Bare Metal Machines 

Kubernetes has evolved over the years. It started with bare metal machines. A bare metal machine is a computer with hardware (central processing unit, memory and storage), an operating system (OS) and applications. The applications are oblivious of the hardware—they only interact with the OS.; hence, the OS “abstracts” from the underlying resources. One problem with bare metal machines was that applications that crash may drag other co-located applications down.  

Virtual Machines 

Following the (many) challenges of bare metal machines, virtual machines (VMs) came along. A VM is code that “wraps around” an application pretending to be a physical machine – hence the virtuality. VMs require their own OS, referred to as guest OS. One of the main advantages of VMs, when compared to bare metal, is that it is much easier to dedicate a VM to a single application. Each application can run on its own dedicated VM. As a result, individual applications can crash without impacting other applications running on the same physical machine.

Distributed Systems 

But what about extremely big apps? That is where distributed systems come in. Enterprise applications often require considerably more computing capacity than a single machine — virtual or physical/bare metal — can handle. Instead, multiple machines are connected through a network to form a distributed application/system.  

Containers 

What came next? Containers, the new lightweight VMs. Containers are like VMs but they do not require a guest OS, so they consume less resources. The benefit is that more containers can be deployed on a single machine than VMs. Additionally, containers are portable and can be moved without affecting the application. 

Microservices 

How do you break applications down into smaller pieces? Microservices are applications that are broken down into small components that can run independently. Each micro component is called a service — hence microservices. Having more components means that more VMs or more containers are needed. Since containers require fewer resources than VMs, microservices with containers are the more affordable option.  

Kubernetes  

Which, finally – brings us to Kubernetes! Before K8s, a legacy app with hundreds of VMs migrates to containers; as a result, it’s now composed of thousands of containers which makes it near-impossible to manage. K8s relieves the management headaches. It’s like a data center or cluster OS which manages the cluster resources, ensuring all containers are up and running.  

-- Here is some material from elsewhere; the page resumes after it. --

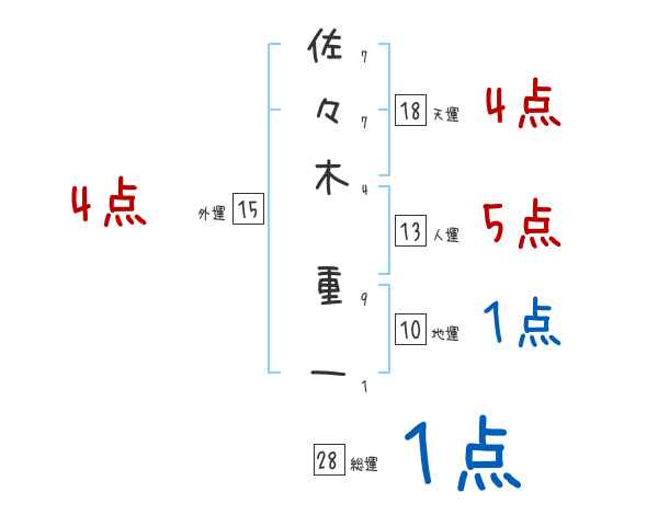 総運![]() | 佐々木重一さんの総運は28画の1つ星!家庭環境に注意。スポーツで活躍できる能力があるかも。 あなたの人生を表す1番重要な運勢です。生涯を通じて影響する総合運となり、主に50歳以降の晩年期に影響を及ぼします。 |

Why Manage With Kubernetes? 

There are three main benefits to managing with K8s: 

  1. Declarative state: Developer declares desired state or characteristics of the app to ensure the cluster does not deviate from it. 
  2. Self-healing: K8s ensures the cluster always matches the declarative state and heals itself and the affected applications when there is a discrepancy.  
  3. Auto-scaling: K8s has the capacity to automatically scale up (and create more nodes and/or pods) when capacity peaks, then reduce again after peak. 

 

Kubernetes is great, but it has its challenges. It’s not a full-fledged, ready-to-use solution. Enterprises need an entire technology stack. Configuring and fine-tuning the different technologies so they work well with K8s is no easy task and requires significant resources—time, money, and highly specialized skills.